═══ Stored data

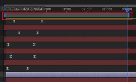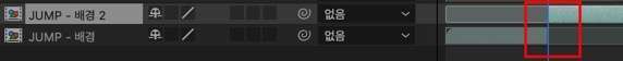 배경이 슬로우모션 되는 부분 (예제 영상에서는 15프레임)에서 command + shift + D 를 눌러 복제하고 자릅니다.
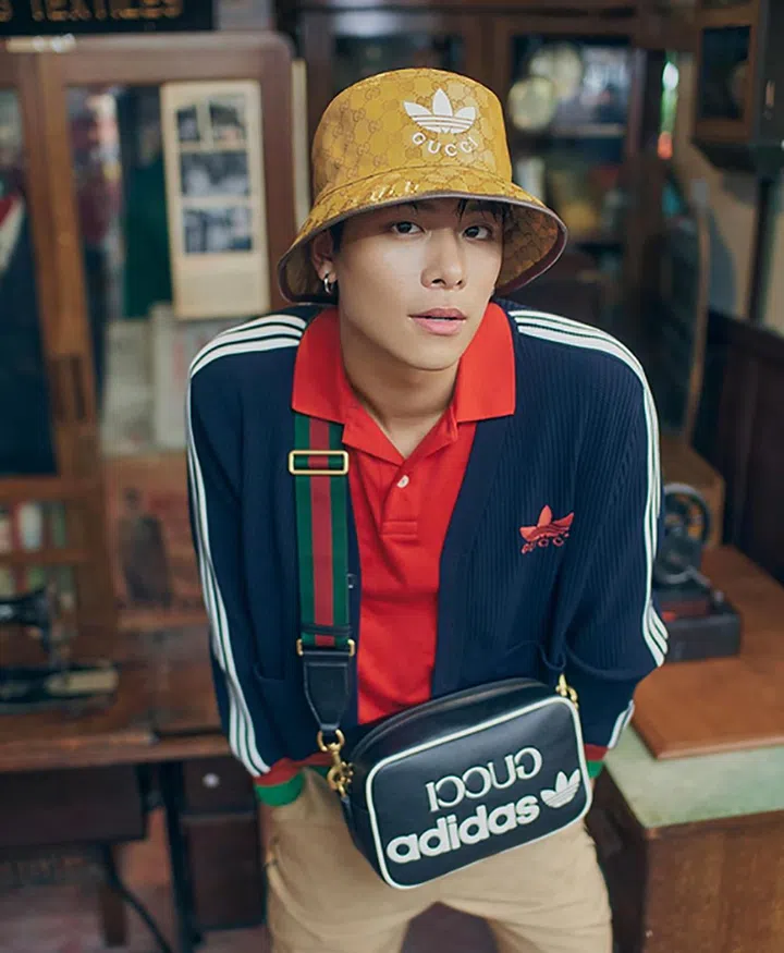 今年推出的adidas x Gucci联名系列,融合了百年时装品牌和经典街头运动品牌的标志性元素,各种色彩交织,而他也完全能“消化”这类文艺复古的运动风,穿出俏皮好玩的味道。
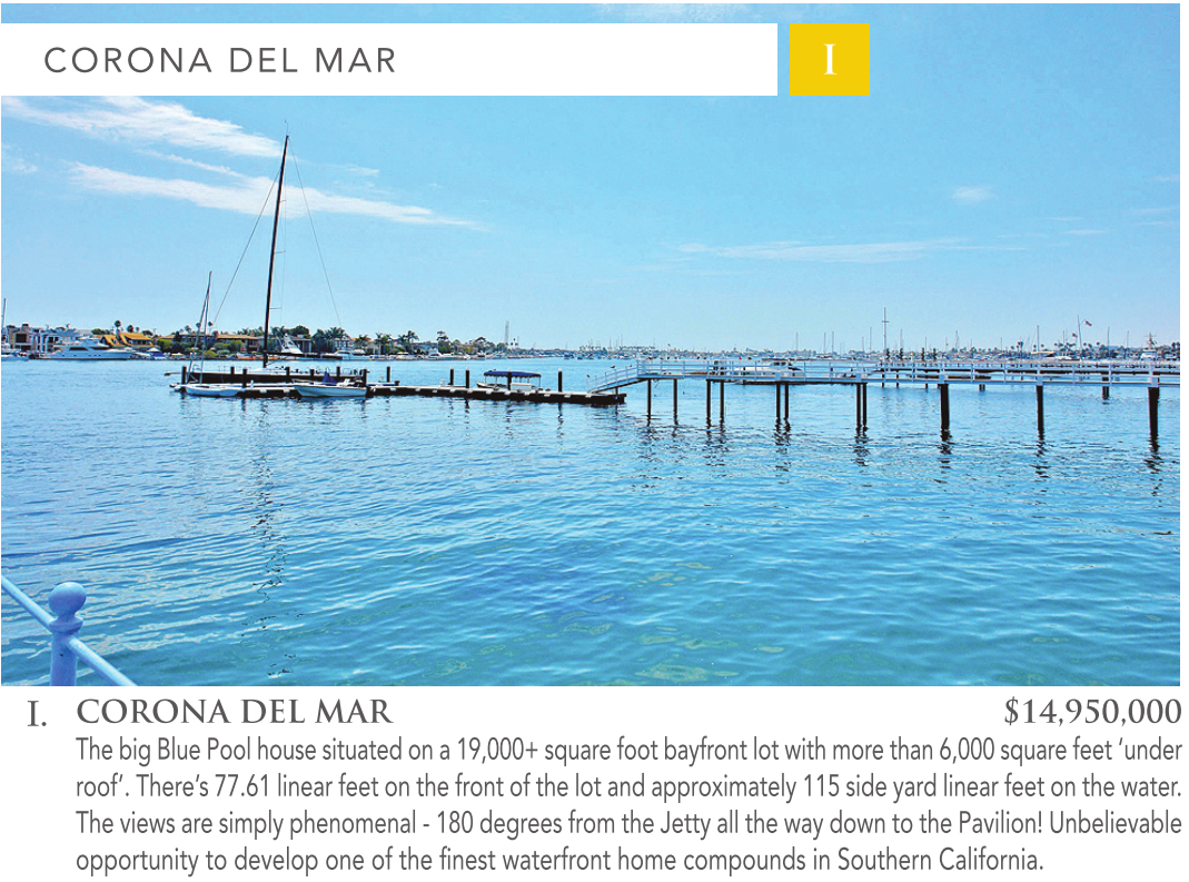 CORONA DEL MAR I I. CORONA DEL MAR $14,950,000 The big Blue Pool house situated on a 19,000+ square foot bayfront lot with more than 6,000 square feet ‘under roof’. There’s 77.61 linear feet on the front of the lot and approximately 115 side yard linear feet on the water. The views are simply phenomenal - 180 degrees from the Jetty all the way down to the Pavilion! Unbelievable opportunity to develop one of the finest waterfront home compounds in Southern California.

══════

Problem description: Write out each line of the data exactly; the images should be left out.

Completed exercise:
 배경이 슬로우모션 되는 부분 (예제 영상에서는 15프레임)에서 command + shift + D 를 눌러 복제하고 자릅니다.
 今年推出的adidas x Gucci联名系列,融合了百年时装品牌和经典街头运动品牌的标志性元素,各种色彩交织,而他也完全能“消化”这类文艺复古的运动风,穿出俏皮好玩的味道。
 CORONA DEL MAR I I. CORONA DEL MAR $14,950,000 The big Blue Pool house situated on a 19,000+ square foot bayfront lot with more than 6,000 square feet ‘under roof’. There’s 77.61 linear feet on the front of the lot and approximately 115 side yard linear feet on the water. The views are simply phenomenal - 180 degrees from the Jetty all the way down to the Pavilion! Unbelievable opportunity to develop one of the finest waterfront home compounds in Southern California.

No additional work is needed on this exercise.